═══ Data provided

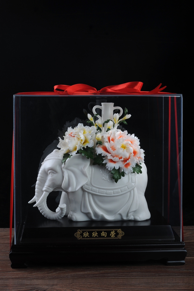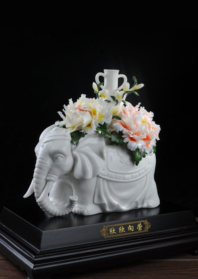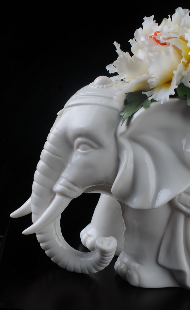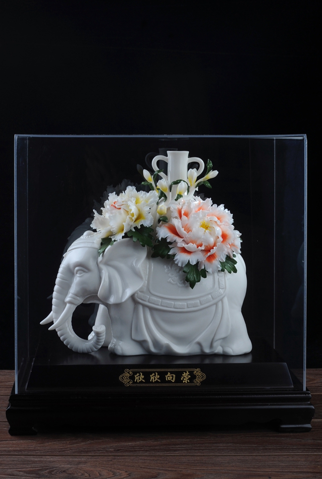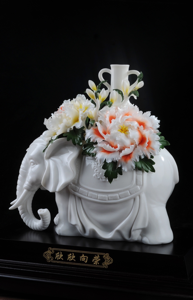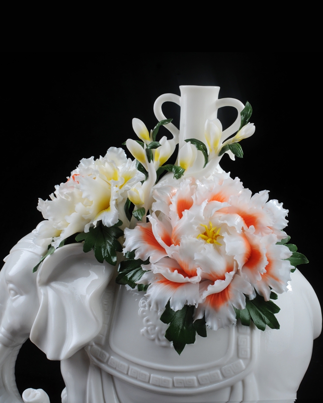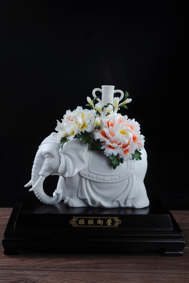 作品雕刻精細(xì),形象逼真地再生再現(xiàn)了大象、牡丹花、綠葉的形態(tài)、神韻、色彩和特殊寓意,立體陶瓷造型真實(shí)感強(qiáng),巧奪天工,相互映襯,相得益彰。
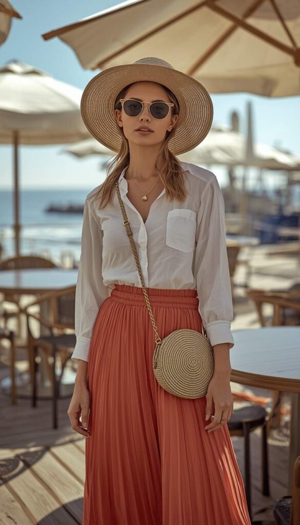 A coral-orange pleated midi skirt (elastic waist, side slit) paired with a white short-sleeve button-down shirt (rolled cuffs, chest pocket), styled with a wide-brimmed straw hat, tan espadrille sandals, and a circular raffia crossbody bag. The model stands on a seaside boardwalk—ocean glinting behind her, breeze lifting the hem, expression serene and joyful. The palette is warm, cohesive, and full of Hamptons charm—summer nostalgia, reimagined for real life.
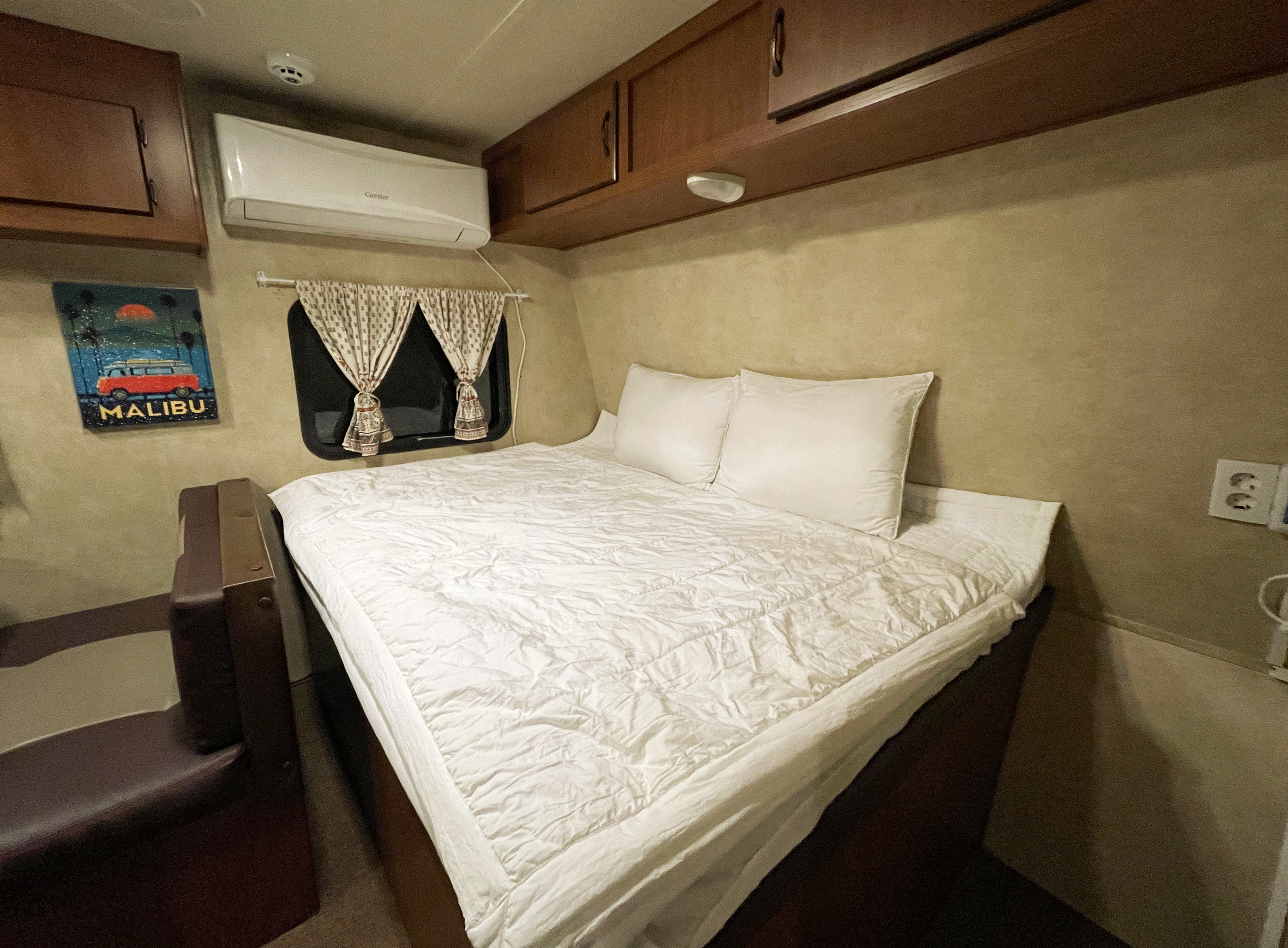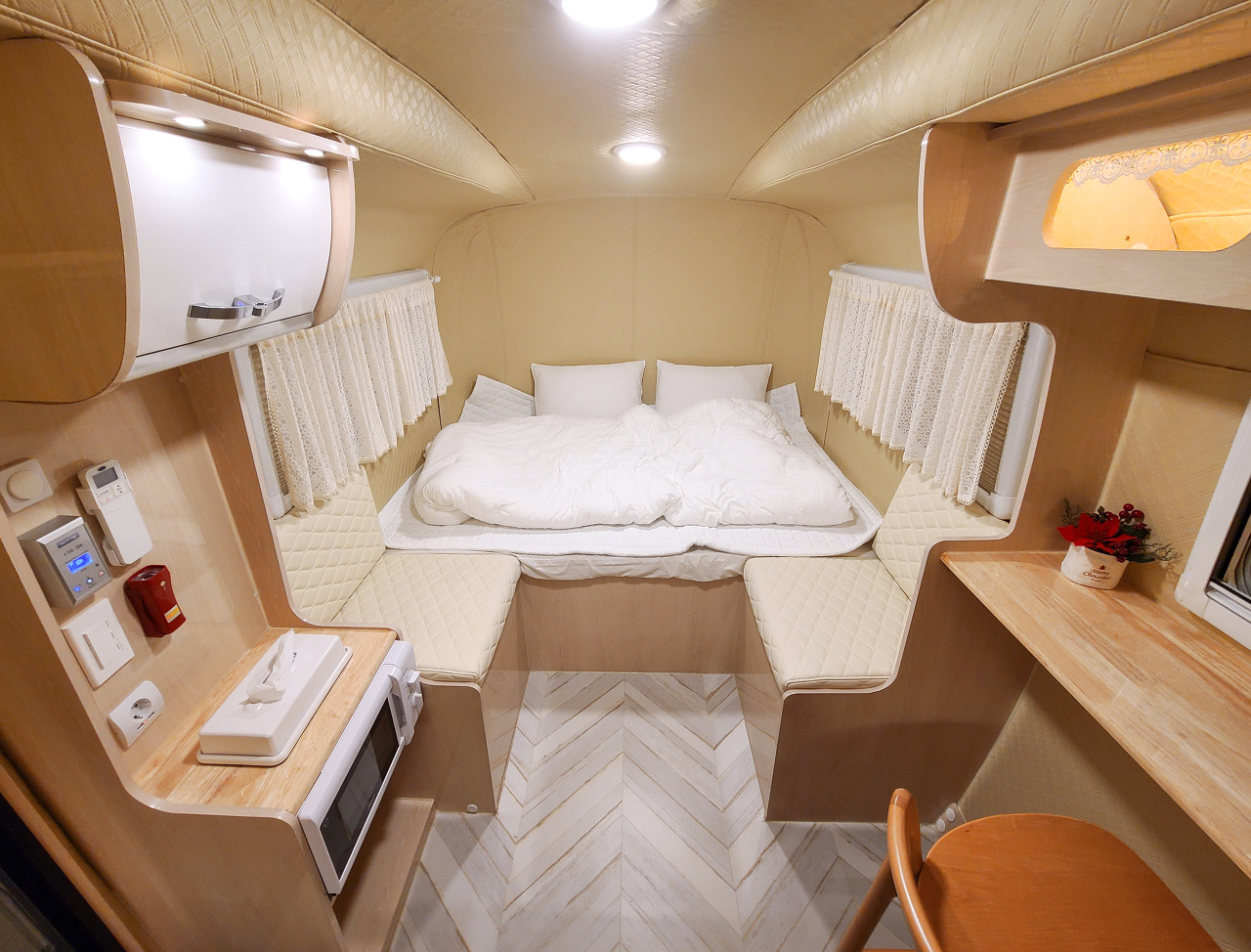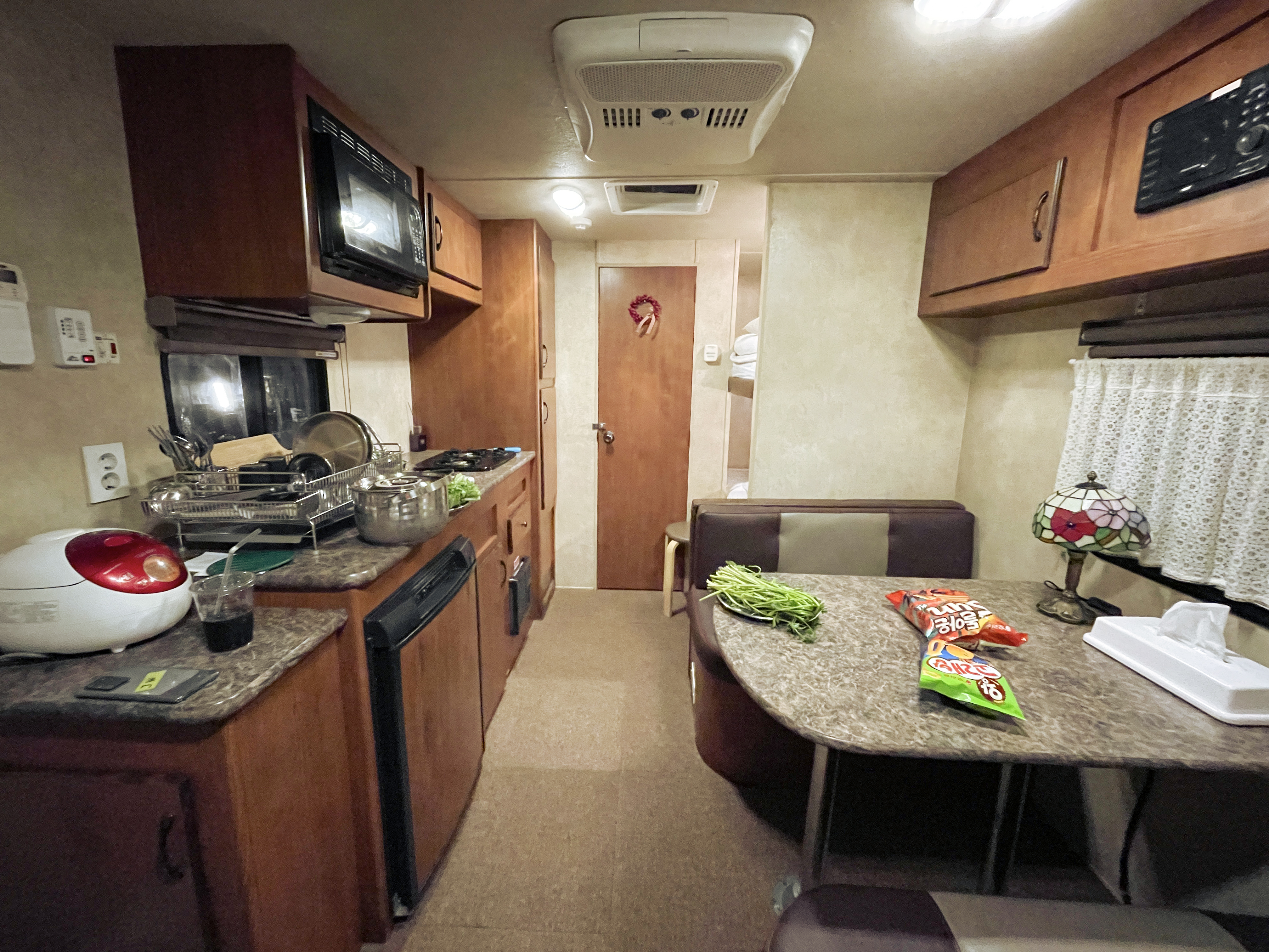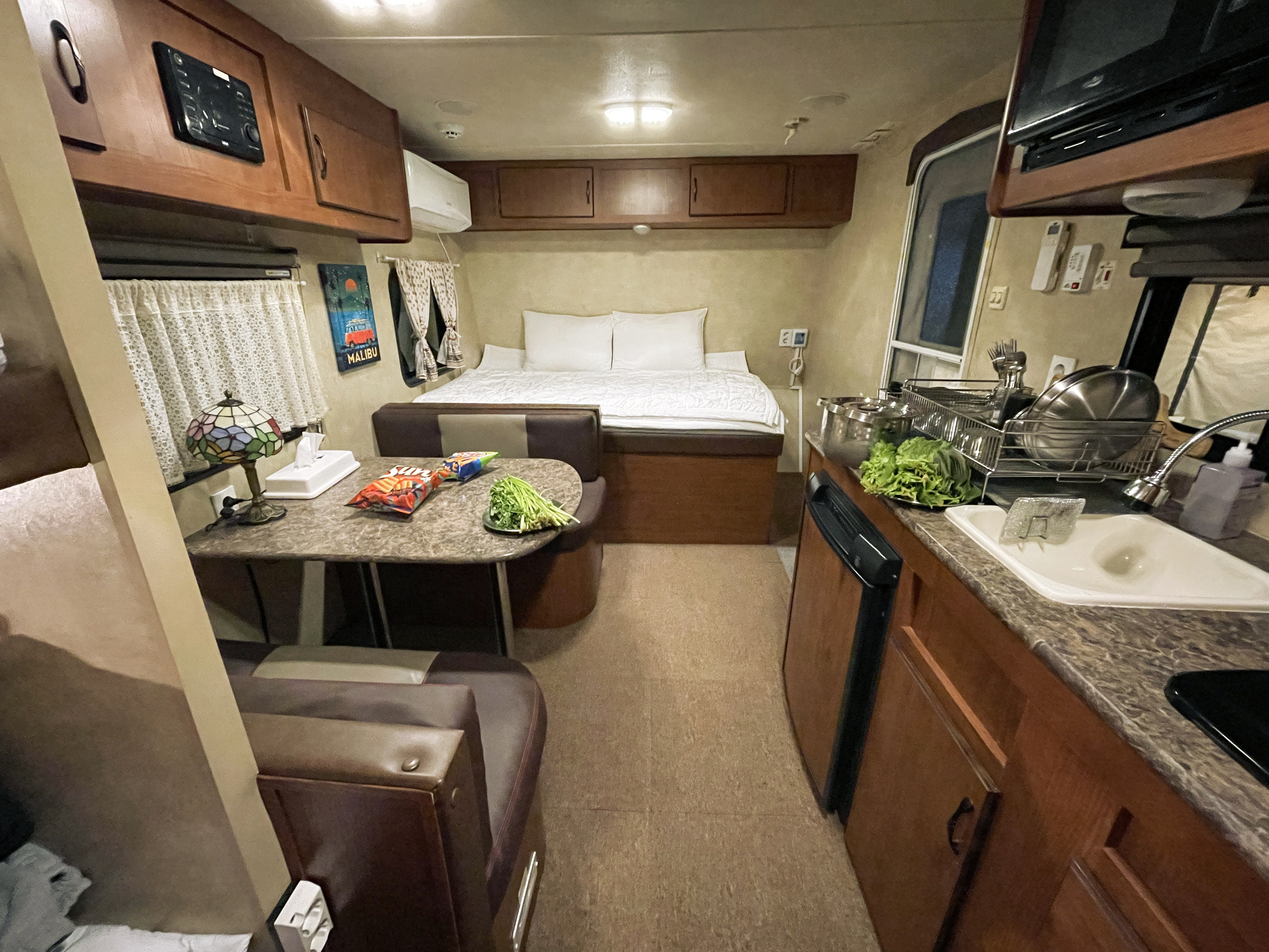 이제 강화캠핑파크의 3~4인용 카라반 안으로 들어가 보실까요? 대형 카라반은 캠핑장 내 다른 시설과 다르게 급수탱크에 100L의 물을 채워주시며, 카라반 내 화장실 시설이 있었지만 화장실은 밖의 공용화장실을 이용하게 되어있었습니다. 싱크대와 가스를 이용한 화로와 냉장고, 전자레인지, 에어컨 등 다양한 가전이 들어있어 편리하게 이용할 수 있었습니다.
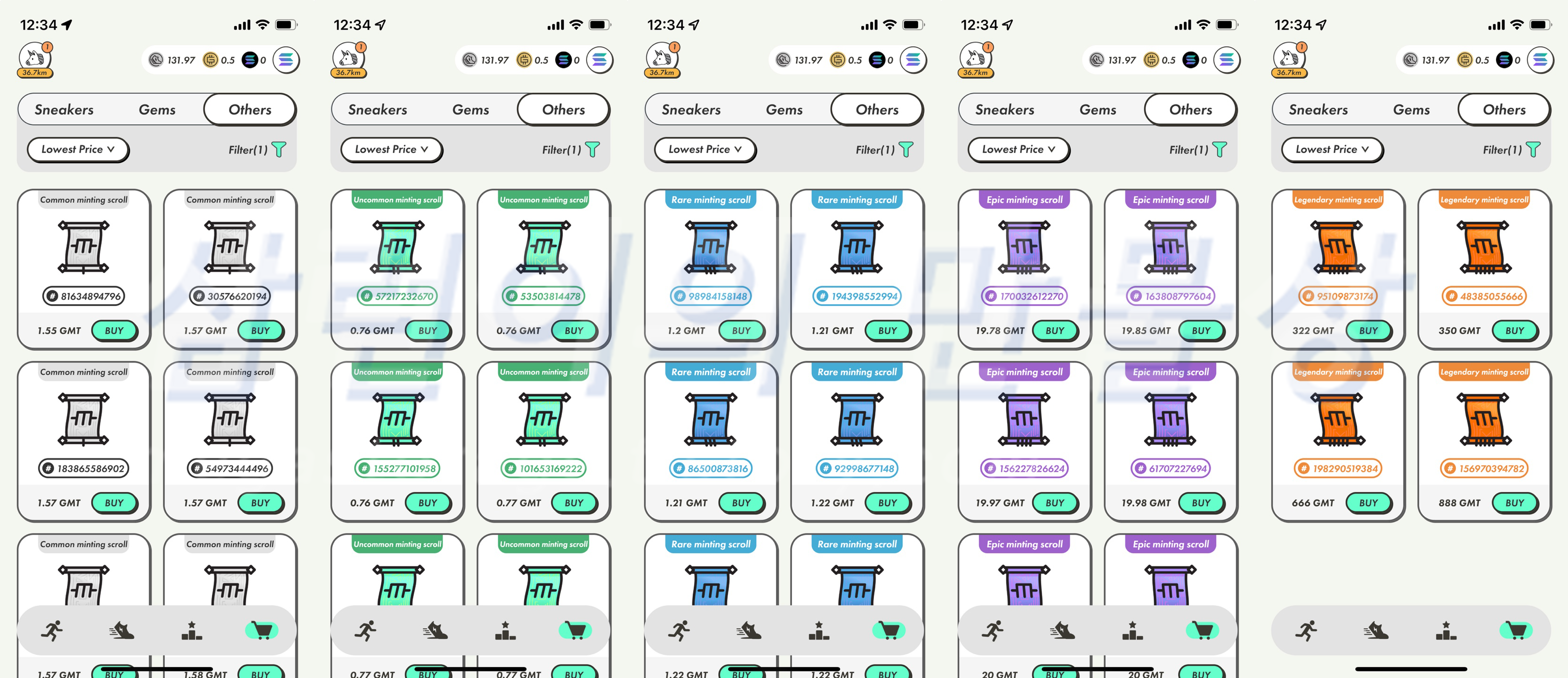 민팅 스크롤은 스태픈 내의 샵에서 구매할 수 있습니다. 상단의 'Others' 탭을 선택한 후 'Filter'에서 원하는 등급을 선택하면, 해당 등급의 민팅 스크롤을 최저가로 볼 수 있습니다.

══════

→ What you have to do: Skip the images and write out the rest of the listing exactly.

→ Solution:
 作品雕刻精細(xì),形象逼真地再生再現(xiàn)了大象、牡丹花、綠葉的形態(tài)、神韻、色彩和特殊寓意,立體陶瓷造型真實(shí)感強(qiáng),巧奪天工,相互映襯,相得益彰。
 A coral-orange pleated midi skirt (elastic waist, side slit) paired with a white short-sleeve button-down shirt (rolled cuffs, chest pocket), styled with a wide-brimmed straw hat, tan espadrille sandals, and a circular raffia crossbody bag. The model stands on a seaside boardwalk—ocean glinting behind her, breeze lifting the hem, expression serene and joyful. The palette is warm, cohesive, and full of Hamptons charm—summer nostalgia, reimagined for real life.
 이제 강화캠핑파크의 3~4인용 카라반 안으로 들어가 보실까요? 대형 카라반은 캠핑장 내 다른 시설과 다르게 급수탱크에 100L의 물을 채워주시며, 카라반 내 화장실 시설이 있었지만 화장실은 밖의 공용화장실을 이용하게 되어있었습니다. 싱크대와 가스를 이용한 화로와 냉장고, 전자레인지, 에어컨 등 다양한 가전이 들어있어 편리하게 이용할 수 있었습니다.
 민팅 스크롤은 스태픈 내의 샵에서 구매할 수 있습니다. 상단의 'Others' 탭을 선택한 후 'Filter'에서 원하는 등급을 선택하면, 해당 등급의 민팅 스크롤을 최저가로 볼 수 있습니다.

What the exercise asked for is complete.